The task: Give every line of the material back exactly, images removed.

------ Given material ------

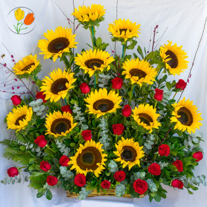 Hermoso arreglo floral elaborado con 15 girasoles grandes y 24 rosas rojas en canasta jardinera.
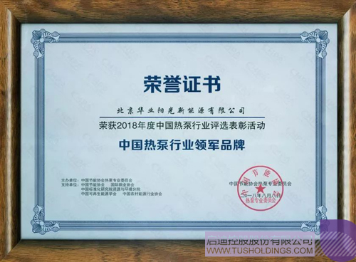 2018年8月,在由中國節能協會主辦、中國熱泵產業聯盟承辦的2018中國熱泵行業年會暨第七屆國際空氣源熱泵行業發展論壇上,華業陽光以優異的成績及表現榮獲空氣源熱泵行業最高榮譽—“中國熱泵行業領軍品牌”稱號。
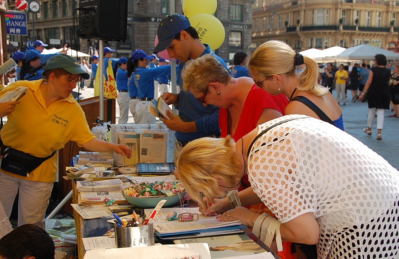 法轮功信息桌前,人们签名谴责中共迫害
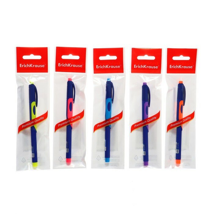 Ручка шариковая ErichKrause ErgoLine Kids, первоклассника, эргономичный держатель, корпус Soft-touch, узел 0.7 мм, чернила синие, микс, блистер

------

Response:
 Hermoso arreglo floral elaborado con 15 girasoles grandes y 24 rosas rojas en canasta jardinera.
 2018年8月,在由中國節能協會主辦、中國熱泵產業聯盟承辦的2018中國熱泵行業年會暨第七屆國際空氣源熱泵行業發展論壇上,華業陽光以優異的成績及表現榮獲空氣源熱泵行業最高榮譽—“中國熱泵行業領軍品牌”稱號。
 法轮功信息桌前,人们签名谴责中共迫害
 Ручка шариковая ErichKrause ErgoLine Kids, первоклассника, эргономичный держатель, корпус Soft-touch, узел 0.7 мм, чернила синие, микс, блистер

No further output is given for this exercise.